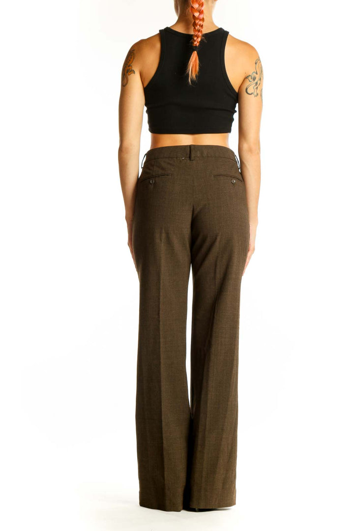 Step into sophistication with these elegant brown wide-leg dress pants from Express Design Studio. Crafted from a luxurious blend of polyester and rayon, these pants offer both comfort and style for the modern professional. The wide-leg silhouette creates a flattering, elongated look that's perfect for the office or evening events. With a mid-rise waist and a smooth, flat-front design, these pants sit comfortably at the hips and flow gracefully to the floor, complementing a variety of body types. The rich brown hue is versatile and easy to pair with both neutral and bold tops. In excellent condition, these pants feature quality construction with precise tailoring, ensuring a polished appearance that lasts throughout the day. The generous measurements of 38" at the hips, 41" in length, and a 34" waist provide ample room for movement without sacrificing style. Elevate your wardrobe with these timeless and sophisticated Express Design Studio pants.
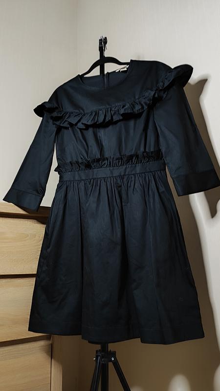 Натуральное черное платье с рюшами h&m
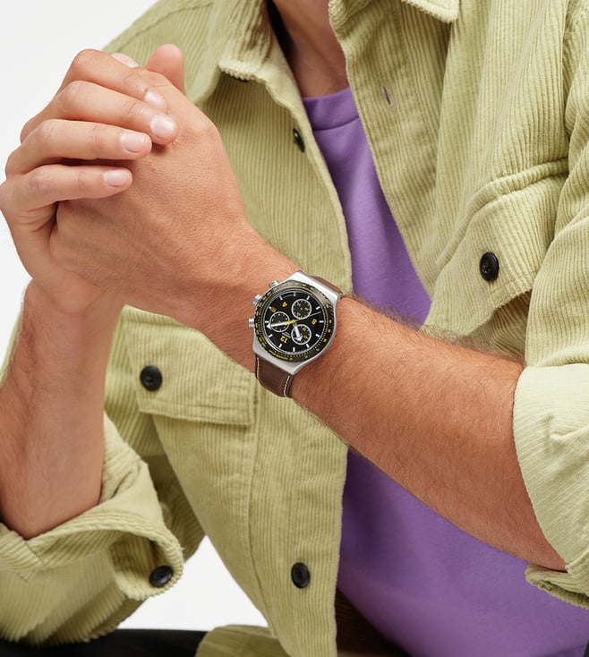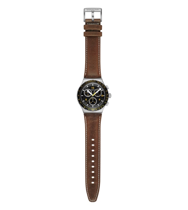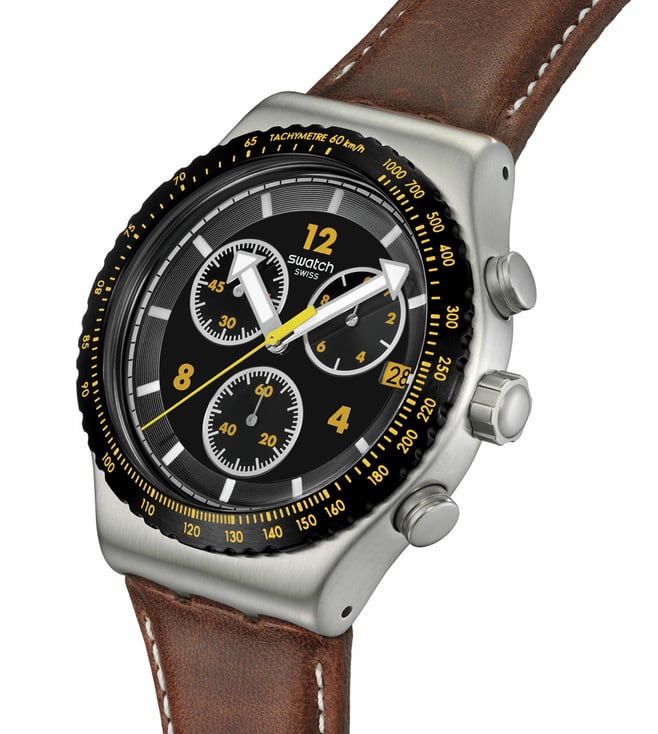 This stainless steel chronograph features a black sun-brushed dial with yellow printed numerals, glow-in-the-dark hour markers and a yellow date window with black print at 3 o'clock. Arrow-shaped, silver-colored hour and minute hands with glow-in-the-dark effect and a yellow chronograph seconds hand tell the time. It has a brushed stainless steel case and a bezel with black PVD coating and yellow printed tachymeter scale. A brown leather strap with contrasting stitching, brown leather loops and brushed stainless steel half-buckle complete the watch.
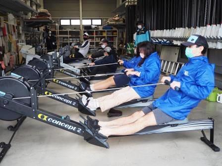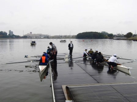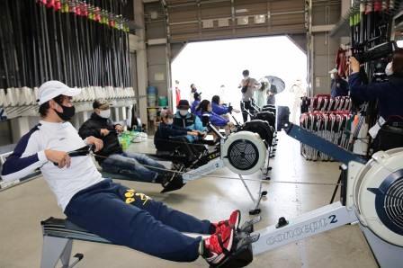参加者は、陸上で、ボートを漕ぐ動作を再現できる専用機具で漕ぎ方を教わった後、桟橋で競技用ボートに乗り込み、スタッフから手本を見せてもらいながら、一緒に湖面へと漕ぎ出して行きました。
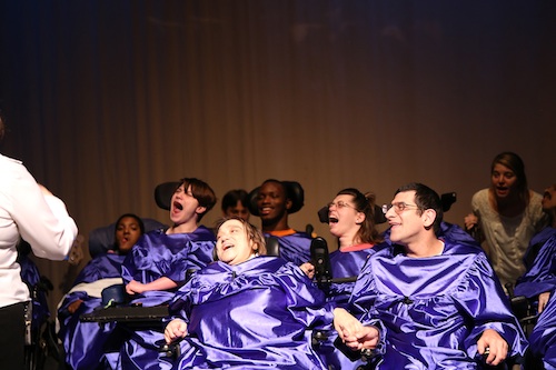The vocal choir and midi bell counterparts (for nonverbal participants) are part of Matheny’s unique music therapy program. The music therapy staff consists of five full-time, board-certified music therapists. The choirs perform throughout the year at a variety of venues. Their appearances this year included both Holiday Express benefit concerts, December 11 at the New Jersey Performing Arts Center in Newark, NJ, and tonight (December 18) at the Count Basie Theatre in Red Bank, NJ; the Peapack–Gladstone tree lighting ceremony; and the annual Festival of Trees at the Environmental Education Center in Basking Ridge, NJ.
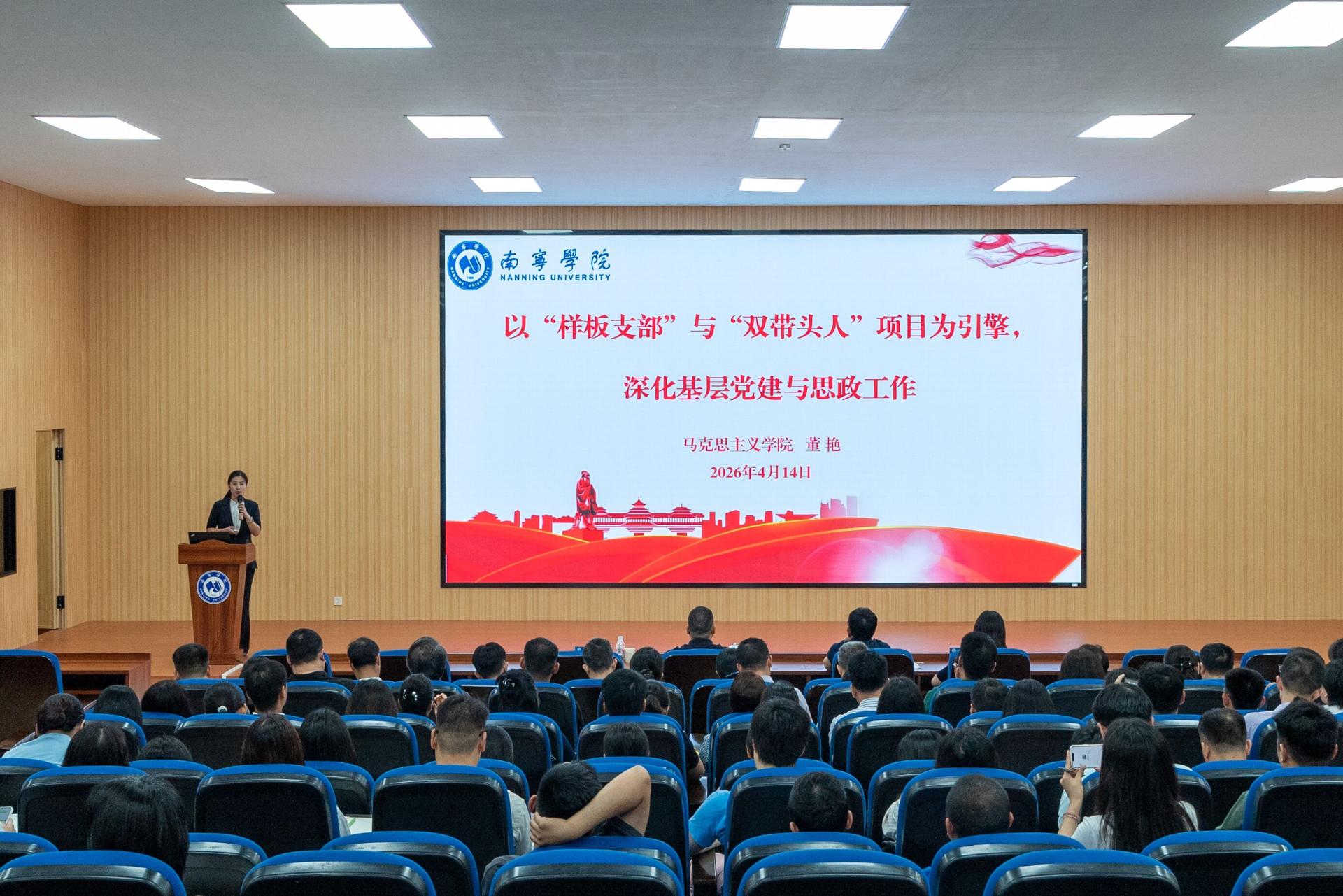 马克思主义学院党总支书记、教工第一党支部书记董艳围绕“以‘样板支部’与‘双带头人’项目为引擎,深化基层党建与思政工作”的主题做经验分享。她从“坚守职责、站稳阵地”“落实任务、发挥作用”两个方面,详细阐述了如何推进基层党建与思政工作。
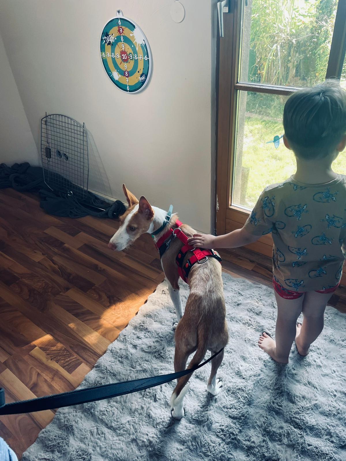 Unser Frodo, der im spanischen Tierheim Refugio Canino La Reserva noch Dorado hieß, lebt seit August 2025 in einer unserer deutschen Pflegestellen. Er ist ein ganz besonderer Hundebub: immer freundlich, sehr verspielt, aufmerksam, lernwillig, anschmiegsam, sehr menschenorientiert und auch bei kleinen Kindern sehr vorsichtig und nie ungestüm. Für einen Podenco ist er ein relativ kleines Exemplar.
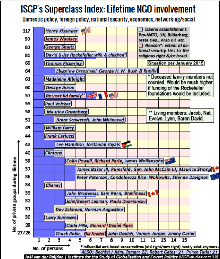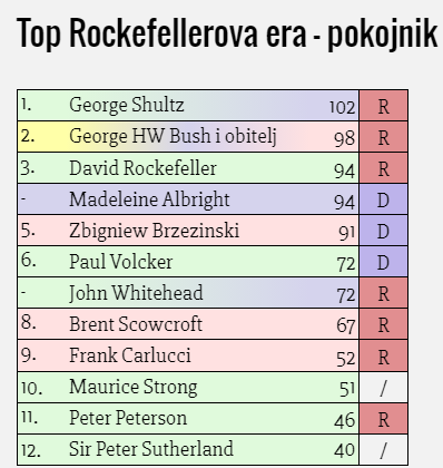 Moguće je sami provjeriti rangiranje pretraživanjem određenih (pre)imena na ovoj stranici. U ovom trenutku popisano je preko 300 još uvijek živih osoba. Stotine dodatnih "pomagača" možemo dodati ako počnemo promatrati pojedince koji su bili uključeni u manje od 10 nevladinih organizacija. Apsolutni vrh, koji uglavnom čine najbliži prijatelji pokojnog Davida Rockefellera, ipak je daleko najvažniji. Oni su izgradili i dominirali ovom globalnom mrežom barem od 1950-ih do 2020-ih.
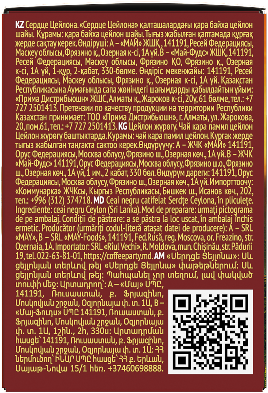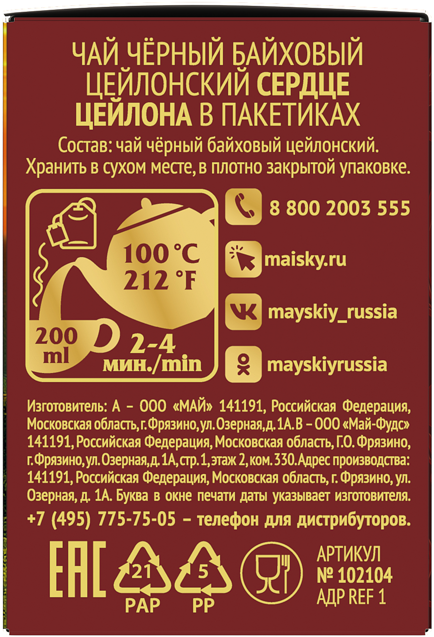 Чай Майский черный сердце цейлона (1.7г x 25шт), 43г
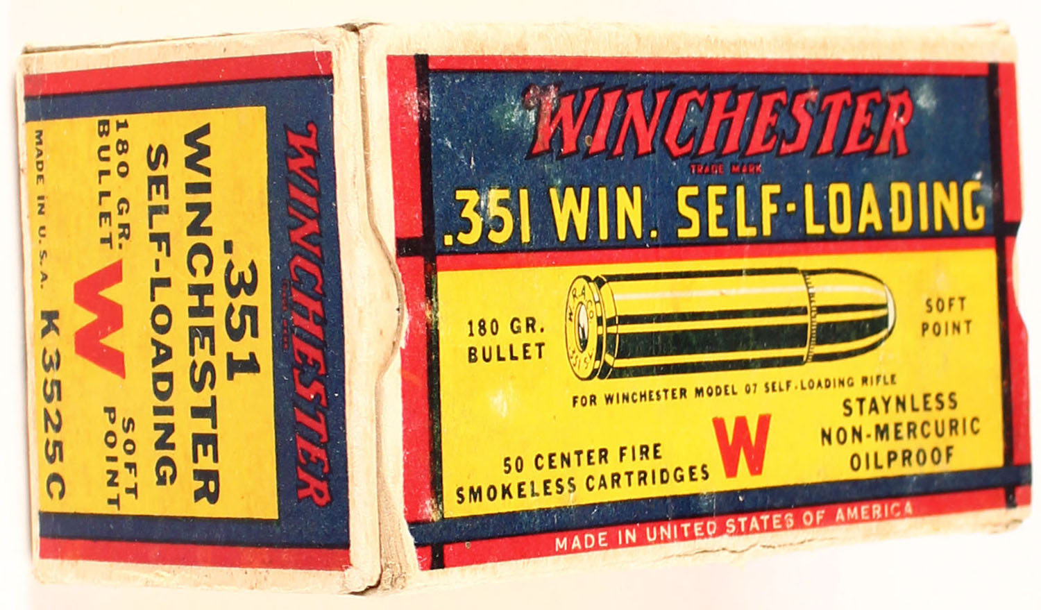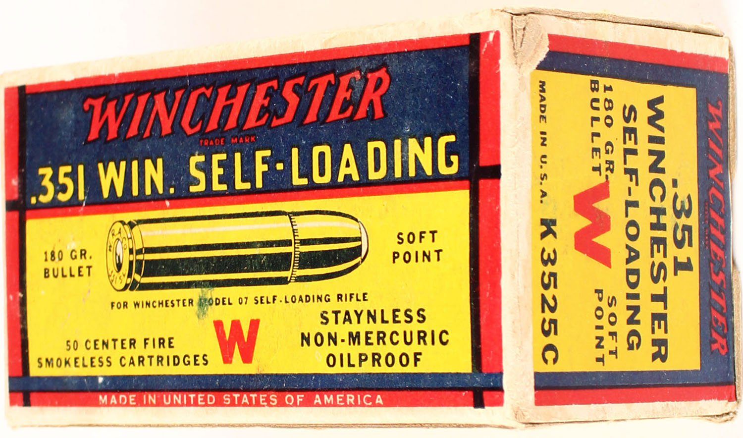 Winchester, Super Speed, .351 Winchester Self Loading, 180 Grain Soft Point Bullet, Full, 1pc. Yellow red & blue box, box is solid with excellent color, only very minor age soiling & shelf wear, very minor corner wear, partial seam split to top front edge, edges are otherwise mostly crisp, end flaps are solid, ammo is very good to excellent. Grade: Excellent - Value: 100 to 300
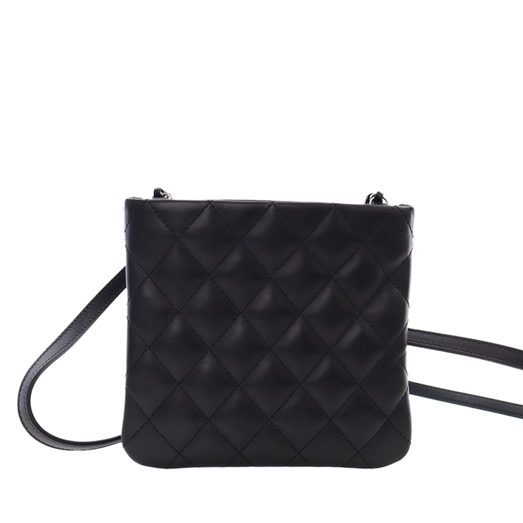 Black Quilted Lambskin Crossbody Bag Silver Hardware, 2020
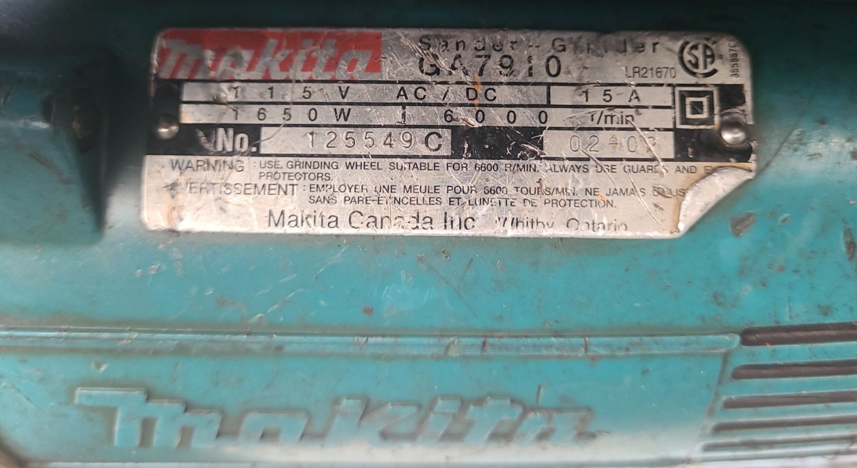 Makita Model JS1600 Electric Shear and Makita GA7910 Electric Grinder
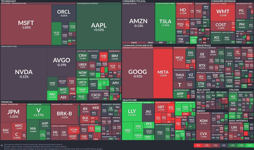 Conversely, the Consumer Cyclical and Communication Services sectors show significant losses, with Tesla (TSLA) as an exception gaining 1.96%. Google (GOOG) and Meta (META) are in the red, dropping by 0.92% and 2.56% respectively.

****************************************

Task directions: Starting at the line that holds "Makita Model JS1600" and ending at the last line of the material above, repeat each line exactly, both ends included, and leave the pictures out.

Answer below:
 Makita Model JS1600 Electric Shear and Makita GA7910 Electric Grinder
 Conversely, the Consumer Cyclical and Communication Services sectors show significant losses, with Tesla (TSLA) as an exception gaining 1.96%. Google (GOOG) and Meta (META) are in the red, dropping by 0.92% and 2.56% respectively.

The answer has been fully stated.